▸ WHAT IS NEEDED: Your output should reproduce each entry exactly, with none of its pictures.

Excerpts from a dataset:
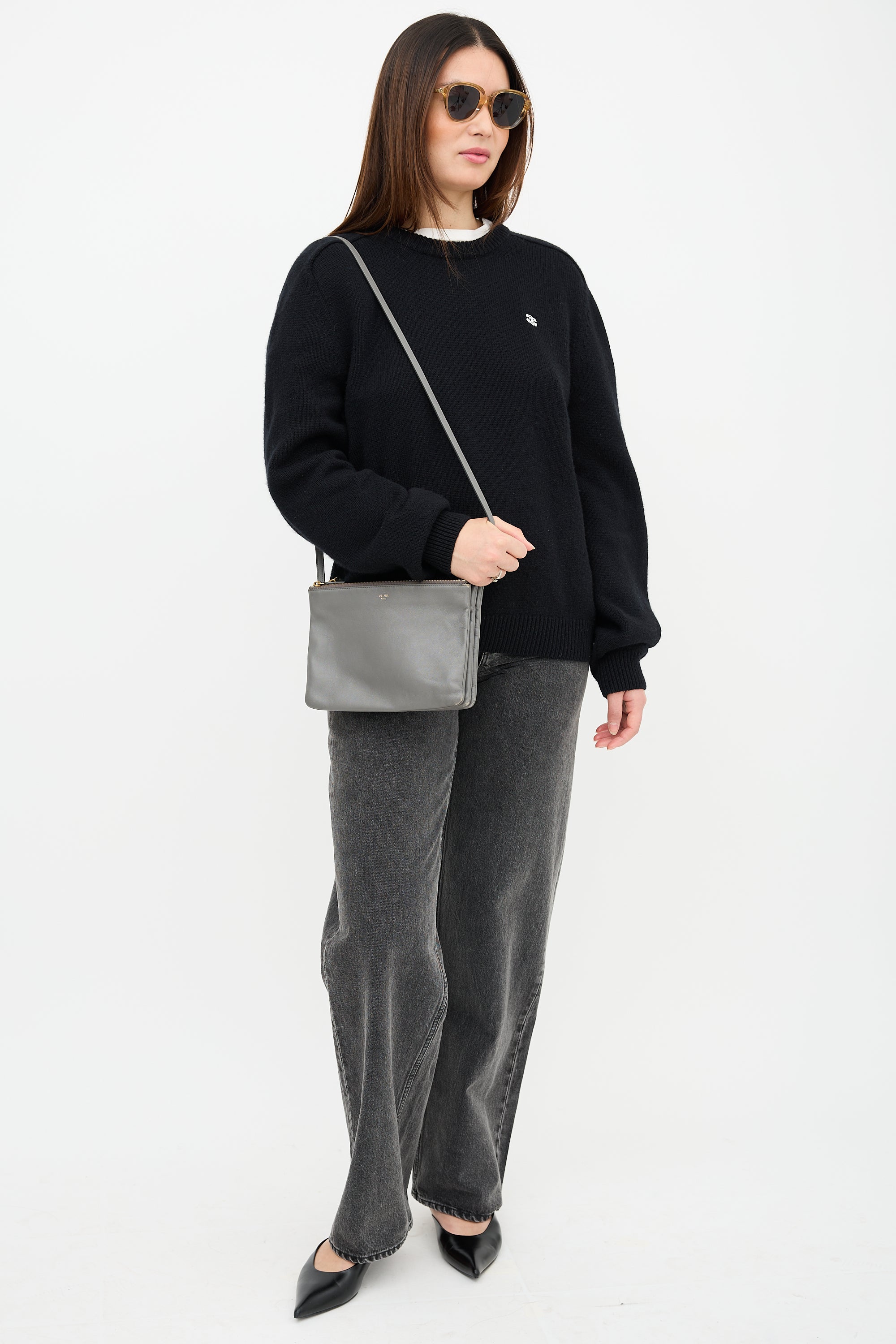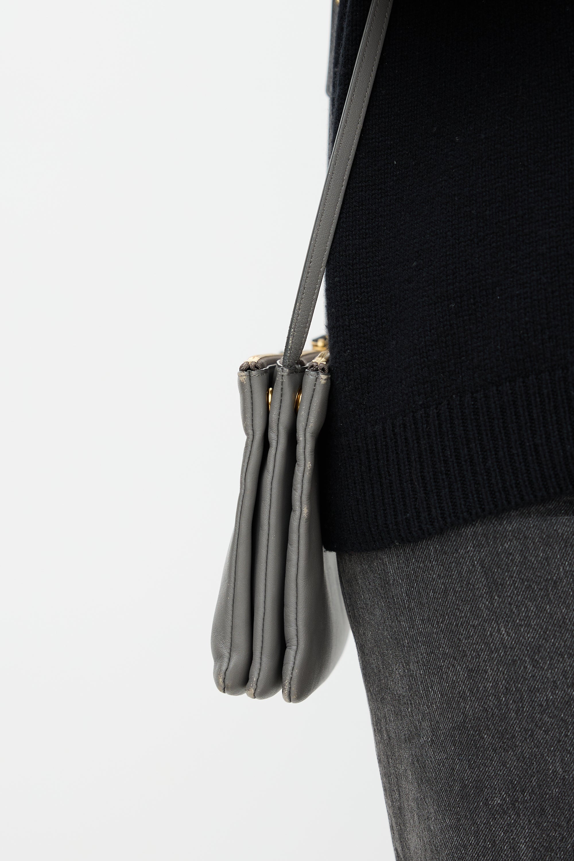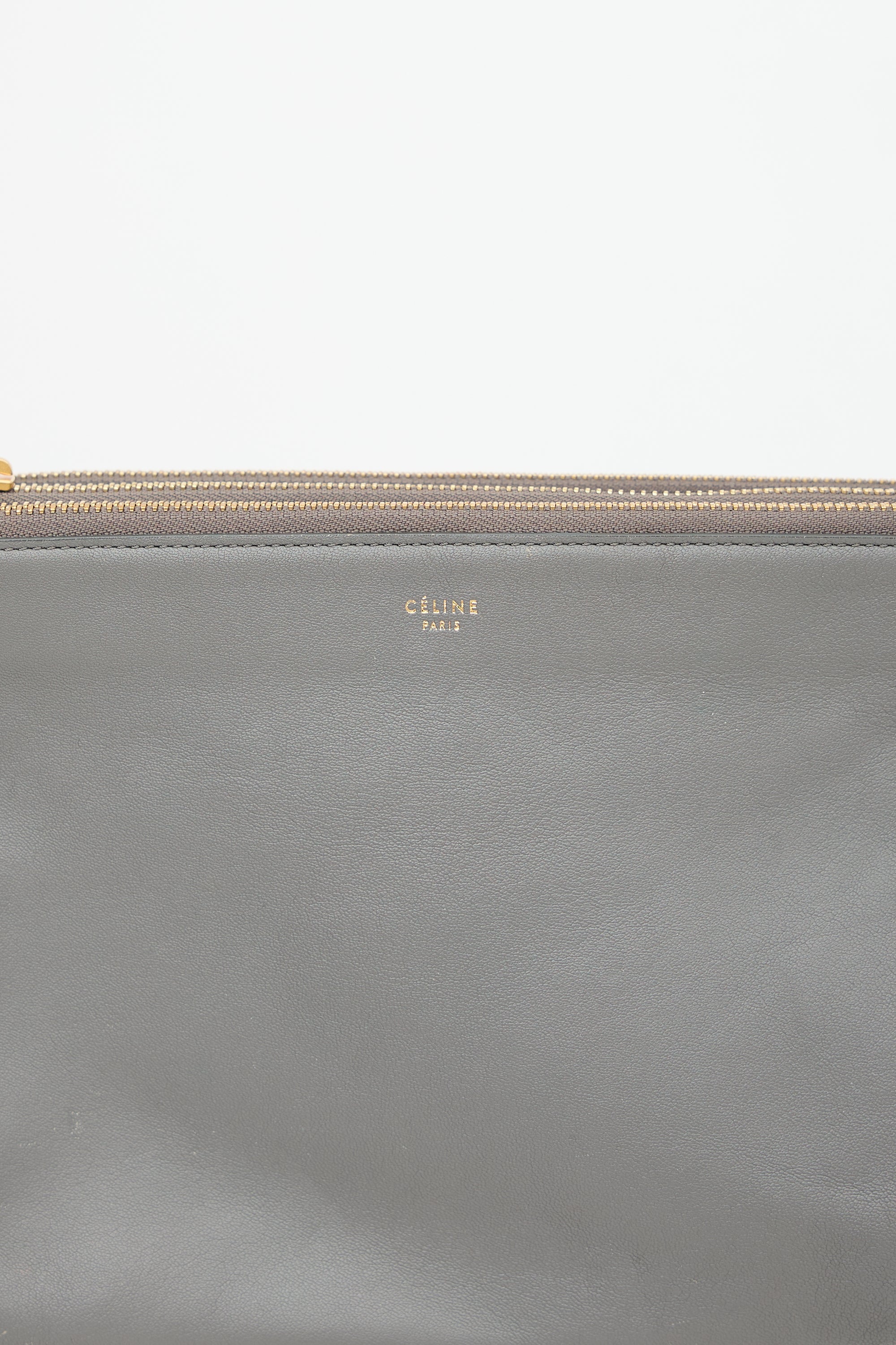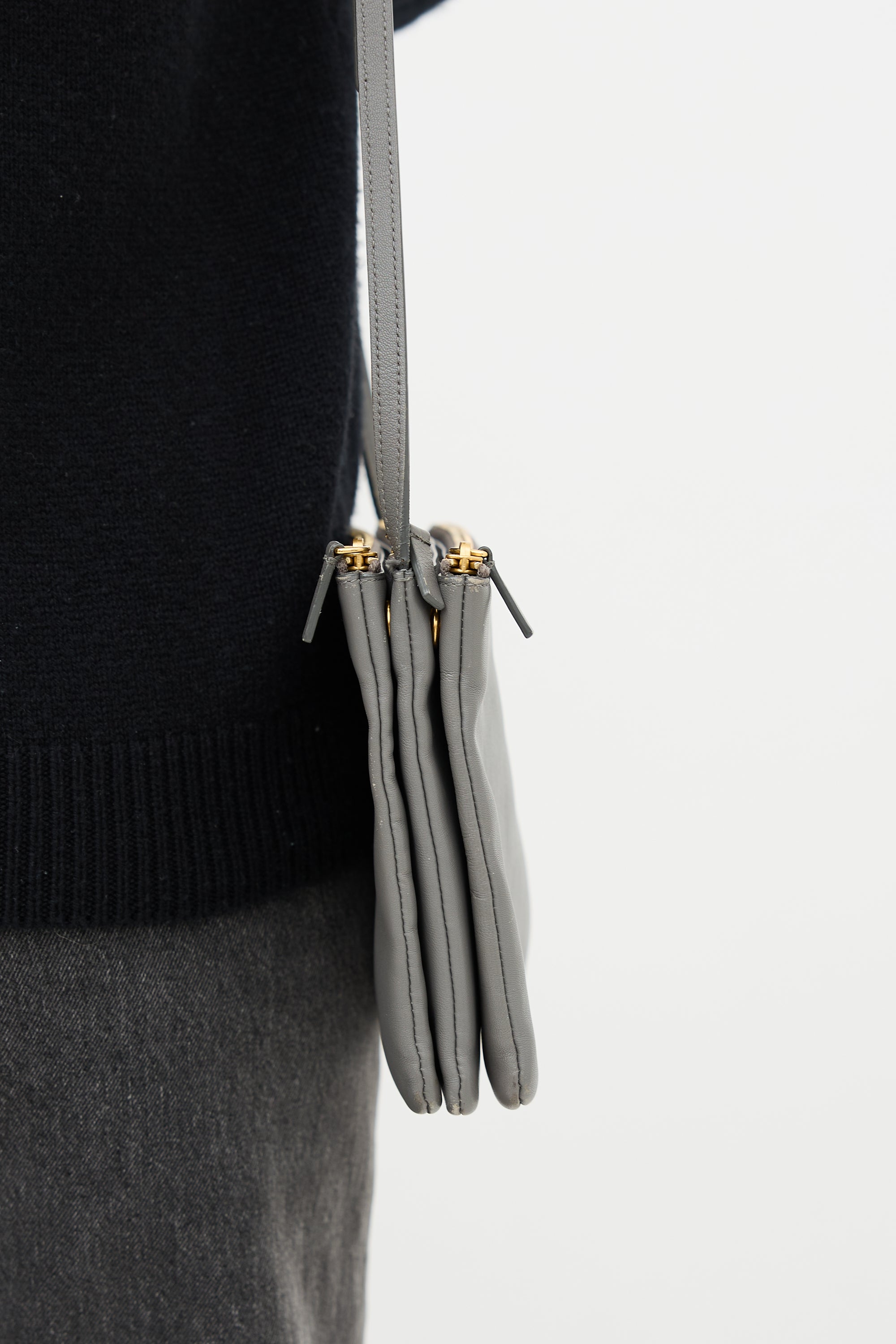 Pre-owned Celine 2016 grey leather Trio bag featuring front gold tone stamped logo, adjustable crossbody strap, three lined detachable compartments with snap fastenings, and top zip closures. Comes with original dust bag.
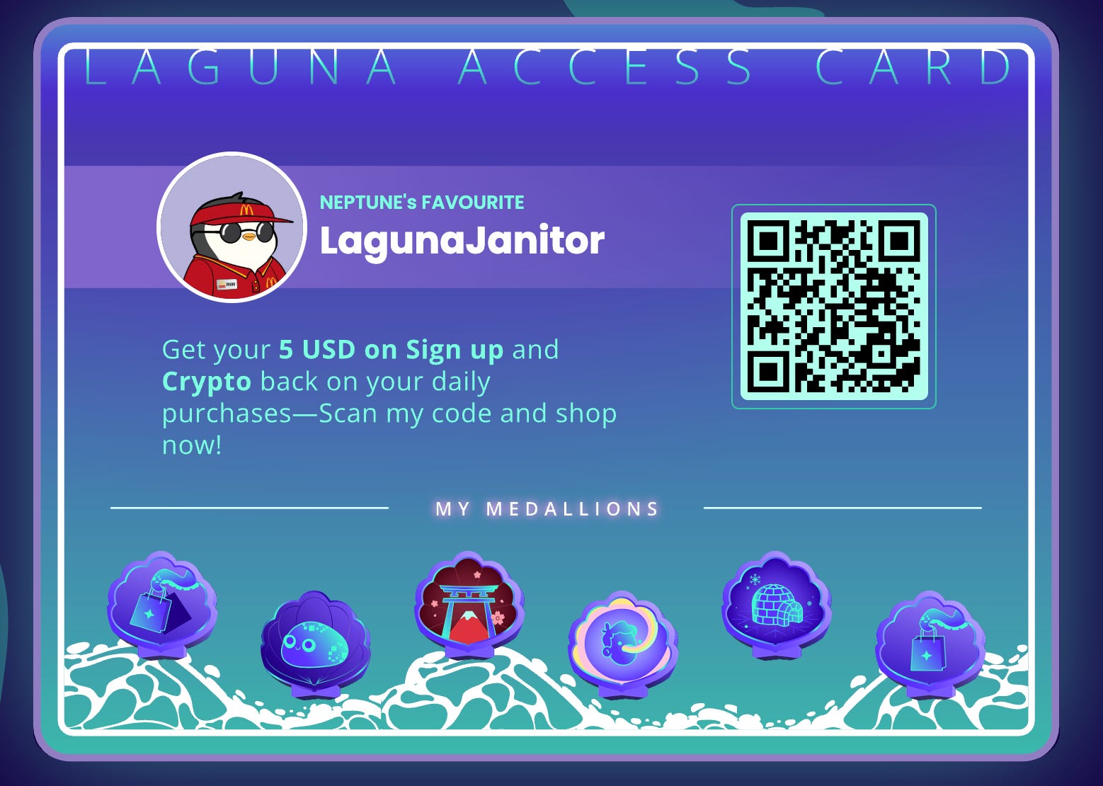 Laguna is a platform that blends crypto cashback, gamified discovery, and a community-driven experience.
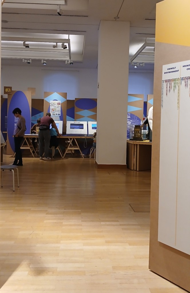 Die Strukturierung der Räume orientiert sich überhaupt deutlich an der menschlichen Aufmerksamkeitsspanne zum Verarbeiten von Informationen. Auf den gelben Raum folgt mit dem roten daher einer, der vor allem mit historischen Objekten das Sehen verstärkt bedient und daher die benötigte reflexive Erholung gewährleistet. Gegen Ende der Ausstellung nehmen die zu verarbeitenden Informationen weitestgehend ab und wird das Mitmachen intensiviert.
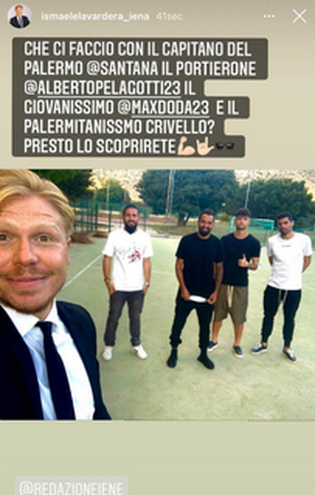 Il giornalista palermitano del noto programma "Le Iene" ha pubblicato una stories sul proprio profilo Instagram dove si mostra con alcuni calciatori del Palermo. Nello specifico, sono presenti nello scatto Mario Alberto Santana, Roberto Crivello, Alberto Pelagotti e Masimiliano Doda. "Che ci faccio con il capitano del Palermo Santana, il portierone Pelagotti, il giovanissimo Doda e il palermitanissimo Crivello? Presto lo scoprirete!", scrive su Instagram il giornalista del capoluogo siciliano.
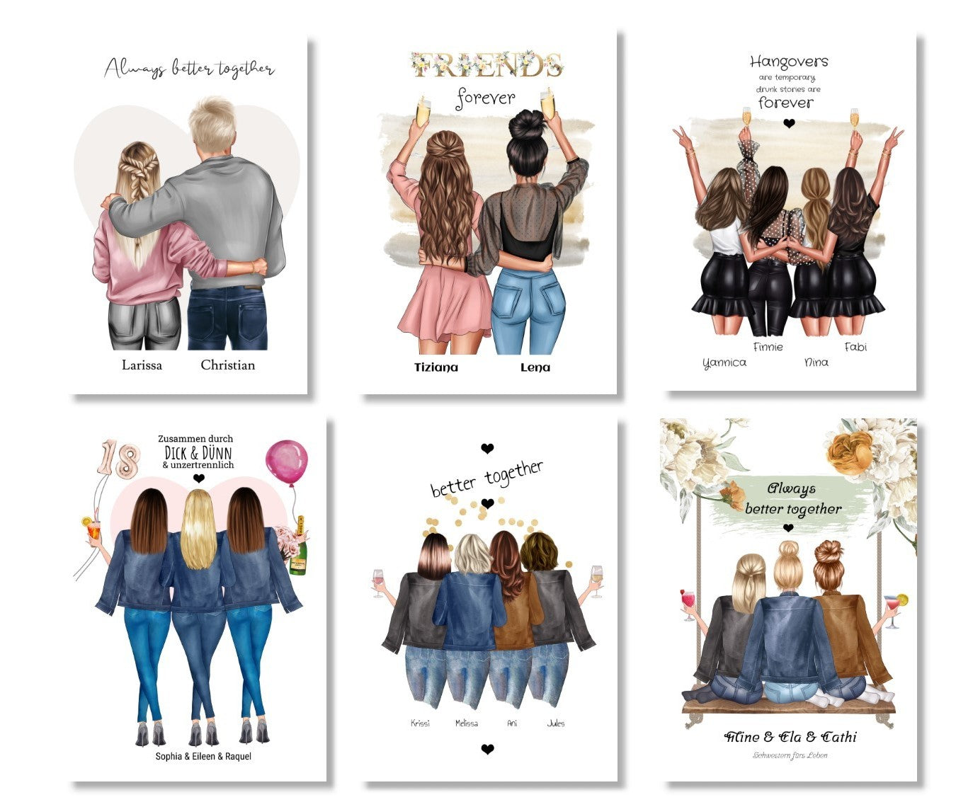 Personalisierte Geschenke für beste FreundinnenPersonalisierte beste Freundin Geschenke mit 1-8 Personen gestalten, eine moderne Geschenkidee für alle Freundinnen, auch für beste Schwestern & Mamas & Kolleginnen. Ein persönliches, besonderes und kreatives Geschenk für die beste Freundin, Freundinnen individuell angefertigt als Bild-Datei, Poster, Leinwanddruck, Kissen oder Decke ist eine tolle Geschenkidee. Erstelle schnell und einfach ein personalisiertes Bild Geschenk für deine Freundin & Freundinnen zum Geburtstag, zu Ostern, zu Weihnachten, zu allen Anläßen inkl. Live-Vorschau. So kannst du dein Wunschdesign direkt auf der Produktseite Live sehen + auch wieder ändern, bis es perfekt ist. Ein besonderes beste Freundin Geschenk mit deinem Wunschdesign und einer Live Vorschau auf der Produktseite bei bestefreundegeschenke.com.

▸ RESULT:
 Pre-owned Celine 2016 grey leather Trio bag featuring front gold tone stamped logo, adjustable crossbody strap, three lined detachable compartments with snap fastenings, and top zip closures. Comes with original dust bag.
 Laguna is a platform that blends crypto cashback, gamified discovery, and a community-driven experience.
 Die Strukturierung der Räume orientiert sich überhaupt deutlich an der menschlichen Aufmerksamkeitsspanne zum Verarbeiten von Informationen. Auf den gelben Raum folgt mit dem roten daher einer, der vor allem mit historischen Objekten das Sehen verstärkt bedient und daher die benötigte reflexive Erholung gewährleistet. Gegen Ende der Ausstellung nehmen die zu verarbeitenden Informationen weitestgehend ab und wird das Mitmachen intensiviert.
 Il giornalista palermitano del noto programma "Le Iene" ha pubblicato una stories sul proprio profilo Instagram dove si mostra con alcuni calciatori del Palermo. Nello specifico, sono presenti nello scatto Mario Alberto Santana, Roberto Crivello, Alberto Pelagotti e Masimiliano Doda. "Che ci faccio con il capitano del Palermo Santana, il portierone Pelagotti, il giovanissimo Doda e il palermitanissimo Crivello? Presto lo scoprirete!", scrive su Instagram il giornalista del capoluogo siciliano.
 Personalisierte Geschenke für beste FreundinnenPersonalisierte beste Freundin Geschenke mit 1-8 Personen gestalten, eine moderne Geschenkidee für alle Freundinnen, auch für beste Schwestern & Mamas & Kolleginnen. Ein persönliches, besonderes und kreatives Geschenk für die beste Freundin, Freundinnen individuell angefertigt als Bild-Datei, Poster, Leinwanddruck, Kissen oder Decke ist eine tolle Geschenkidee. Erstelle schnell und einfach ein personalisiertes Bild Geschenk für deine Freundin & Freundinnen zum Geburtstag, zu Ostern, zu Weihnachten, zu allen Anläßen inkl. Live-Vorschau. So kannst du dein Wunschdesign direkt auf der Produktseite Live sehen + auch wieder ändern, bis es perfekt ist. Ein besonderes beste Freundin Geschenk mit deinem Wunschdesign und einer Live Vorschau auf der Produktseite bei bestefreundegeschenke.com.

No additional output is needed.